*** Begin section ***

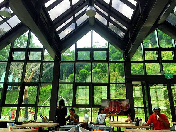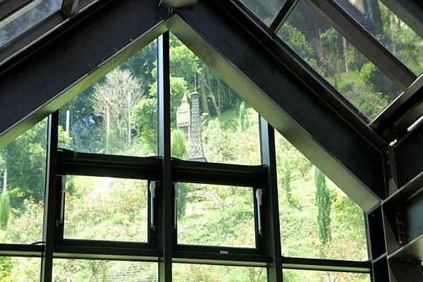 玻璃屋是用餐休息的地方,後面的山坡是世界玫瑰園
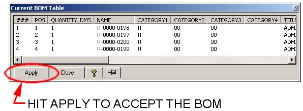 - The Update BOM sends the BOM information into SolidDesigner and pops up a Current BOM Table dialog. Accept the new BOM
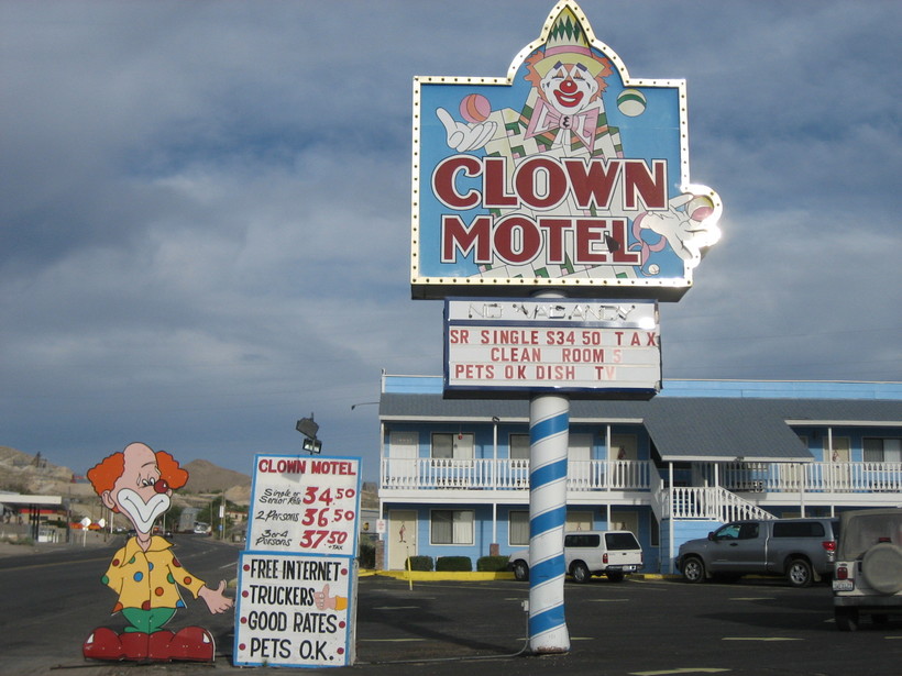 Если вы думаете, что нет ничего более странного, чем отель в виде ануса, то взгляните на эту гостиницу, расположенную рядом с кладбищем и до краев заполненную клоунской атрибутикой. На стенах вестибюля висят куклы клоунов, повсюду стоят клоунские манекены в натуральную величину, картины с клоунами украшают стены над кроватями.
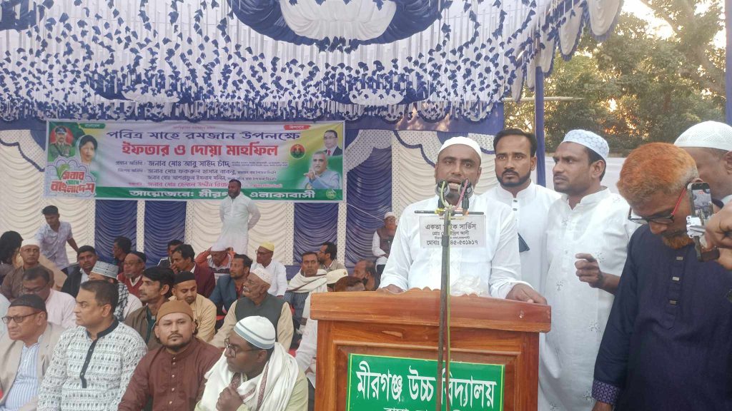 মনিগ্রাম ইউনিয়ন বিএনপির সভাপতি হেলাল উদ্দিন রিয়াল-এর সভাপতিত্বে অনুষ্ঠানটি পরিচালিত হয়। সহযোগিতা প্রদান করেন ইউনিয়ন বিএনপির সহ-সভাপতি তৈয়বূর রহমান তৈয়ব। মীরগঞ্জ এলাকাবাসীর আয়োজনে এই অনুষ্ঠানে স্থানীয় গণ্যমান্য ব্যক্তিবর্গ ও সর্বস্তরের সাধারণ মানুষ অংশ নেন। ইফতারের পূর্বে দেশ, জাতি এবং মুসলিম উম্মাহর শান্তি ও সমৃদ্ধি কামনা করে বিশেষ মোনাজাত করা হয়।
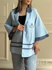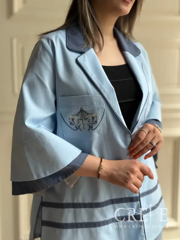 رنگبندی آبی روشن که حس طراوت و شادابی را به همراه دارد و برای مجالس و مهمانیهای رسمی بسیار مناسب است. دارای یقه انگلیسی است، که استایلی کلاسیک و شیک را به مانتو میبخشد. این نوع یقه به زیبایی با طراحی کلی مانتو هماهنگ شده و ظاهری مدرن و مرتب ایجاد میکند. این مانتو با گلدوزیهای ظریف و هنرمندانه تزئین شده است. گلدوزیها معمولاً در قسمتهای مختلف مانند حاشیه یقه، لبههای کنار، قسمت پایین مانتو یا روی لایههای داخلی قرار دارند، که باعث افزایش جذابیت و فاخر بودن آن میشود. این مانتو انتخابی بینظیر برای شیک پوشان است.
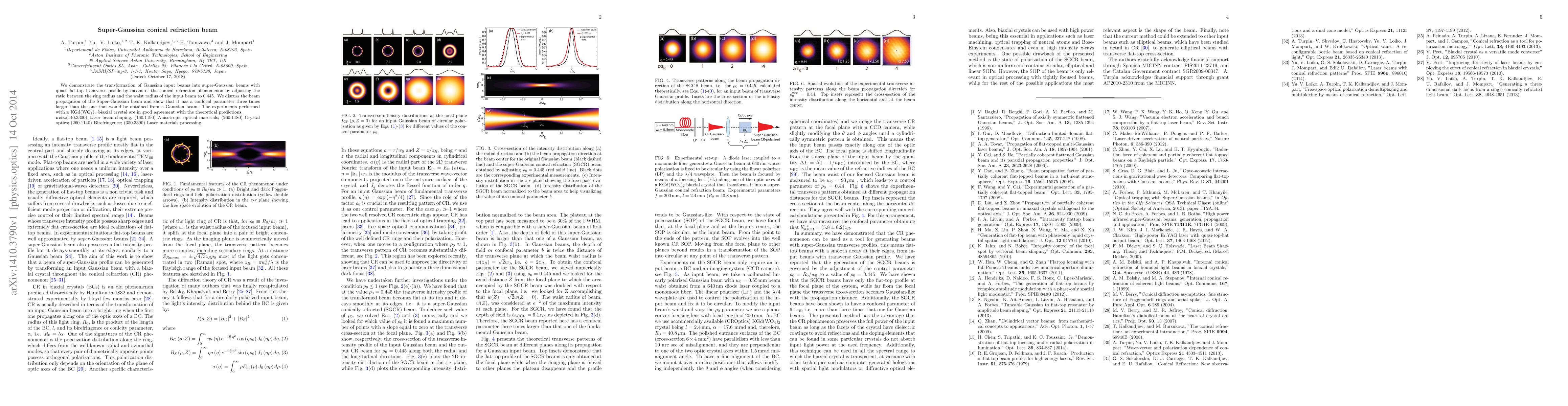 This paper demonstrates the conversion of Gaussian beams into super-Gaussian beams with a flat-top profile via conical refraction, optimizing the ratio of ring radius to waist radius. The resulting super-Gaussian beams exhibit a confocal parameter three times larger than Gaussian beams, validated by experiments using a KGd(WO4)2 crystal.
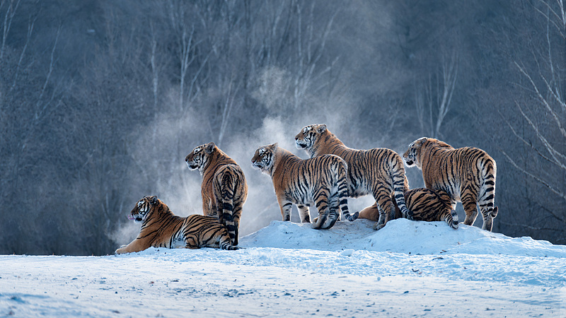 चीन के हेइलोंगच्यांग प्रांत के मुडानच्यांग शहर में हेंगताओहेज़ी टाइगर पार्क में साइबेरियाई बाघ बर्फ में दौड़ते हैं, बर्फ पर लेटते हैं और जानवरों के राजा की तरह व्यवहार करते हैं। उनके शक्तिशाली और दबंग उपस्थिति कई पर्यटकों को आकर्षित करती है जो उन्हें देखने आते हैं।
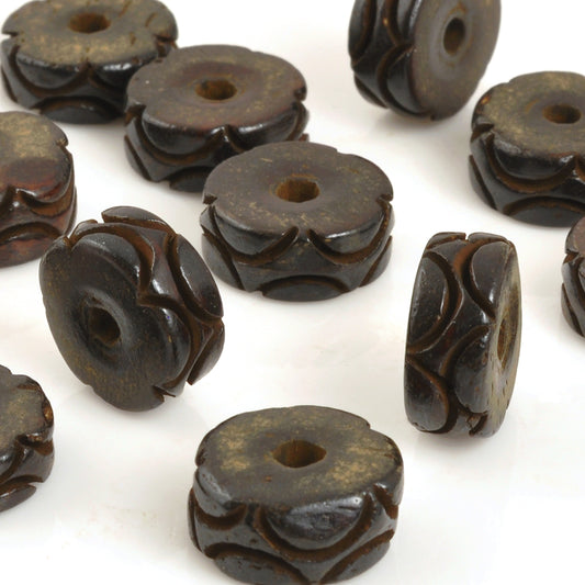 Carved-15mm Rondelle Bead-Brown With White Dots-Quantity 5
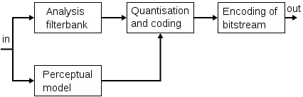 The input signal is decomposed into subsampled spectral components. For each sample an estimation of the actual masked threshold is derived using rules known from psychoacoustics. This is the perceptual model of the encoding system. The spectral components are quantized and coded, keeping the quantization noise below the masked threshold. Finally, the bitstream is formed.
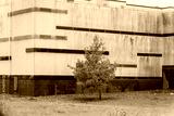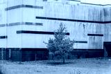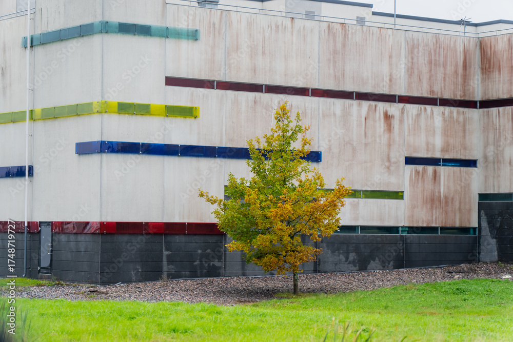 Modern concrete building with colored horizontal glass facade stripes and single autumn tree in landscaped area representing urban architecture and environmental design integration
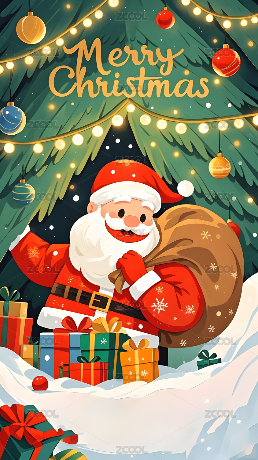 布满彩灯和礼物的圣诞树和圣诞老人
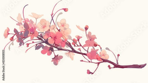 Design of a 2d illustration featuring a pink hue displaying a branch with seeds isolated
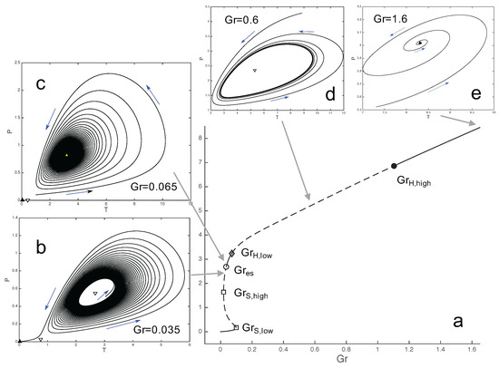 Numerical bifurcation diagram of normalised temperature at the centre of the shear zone with respect to (a) and phase diagrams for various Gruntfest numbers; (b) . Unstable spirals leading to the lower branch of steady state solutions; (c) . Stable spirals leading to the higher branch of steady state solutions (yellow triangle). In this case, the system is bi-stable, and there exists a domain in the phase space that leads to the lower branch; (d) . Stable limit cycles; and (e) Stable spirals. Note that the choice of Gruntfest numbers was made such that all areas of stability and dynamics modes of the upper branch of equilibria are represented.

*** End section ***

- What this task involves -
In the entries above, find the line that contains "Carved-15mm Rondelle Bead-Brown", then repeat exactly every line from the first one through that line, with no pictures.

- Solution to this problem -
 玻璃屋是用餐休息的地方,後面的山坡是世界玫瑰園
 - The Update BOM sends the BOM information into SolidDesigner and pops up a Current BOM Table dialog. Accept the new BOM
 Если вы думаете, что нет ничего более странного, чем отель в виде ануса, то взгляните на эту гостиницу, расположенную рядом с кладбищем и до краев заполненную клоунской атрибутикой. На стенах вестибюля висят куклы клоунов, повсюду стоят клоунские манекены в натуральную величину, картины с клоунами украшают стены над кроватями.
 মনিগ্রাম ইউনিয়ন বিএনপির সভাপতি হেলাল উদ্দিন রিয়াল-এর সভাপতিত্বে অনুষ্ঠানটি পরিচালিত হয়। সহযোগিতা প্রদান করেন ইউনিয়ন বিএনপির সহ-সভাপতি তৈয়বূর রহমান তৈয়ব। মীরগঞ্জ এলাকাবাসীর আয়োজনে এই অনুষ্ঠানে স্থানীয় গণ্যমান্য ব্যক্তিবর্গ ও সর্বস্তরের সাধারণ মানুষ অংশ নেন। ইফতারের পূর্বে দেশ, জাতি এবং মুসলিম উম্মাহর শান্তি ও সমৃদ্ধি কামনা করে বিশেষ মোনাজাত করা হয়।
 رنگبندی آبی روشن که حس طراوت و شادابی را به همراه دارد و برای مجالس و مهمانیهای رسمی بسیار مناسب است. دارای یقه انگلیسی است، که استایلی کلاسیک و شیک را به مانتو میبخشد. این نوع یقه به زیبایی با طراحی کلی مانتو هماهنگ شده و ظاهری مدرن و مرتب ایجاد میکند. این مانتو با گلدوزیهای ظریف و هنرمندانه تزئین شده است. گلدوزیها معمولاً در قسمتهای مختلف مانند حاشیه یقه، لبههای کنار، قسمت پایین مانتو یا روی لایههای داخلی قرار دارند، که باعث افزایش جذابیت و فاخر بودن آن میشود. این مانتو انتخابی بینظیر برای شیک پوشان است.
 This paper demonstrates the conversion of Gaussian beams into super-Gaussian beams with a flat-top profile via conical refraction, optimizing the ratio of ring radius to waist radius. The resulting super-Gaussian beams exhibit a confocal parameter three times larger than Gaussian beams, validated by experiments using a KGd(WO4)2 crystal.
 चीन के हेइलोंगच्यांग प्रांत के मुडानच्यांग शहर में हेंगताओहेज़ी टाइगर पार्क में साइबेरियाई बाघ बर्फ में दौड़ते हैं, बर्फ पर लेटते हैं और जानवरों के राजा की तरह व्यवहार करते हैं। उनके शक्तिशाली और दबंग उपस्थिति कई पर्यटकों को आकर्षित करती है जो उन्हें देखने आते हैं।
 Carved-15mm Rondelle Bead-Brown With White Dots-Quantity 5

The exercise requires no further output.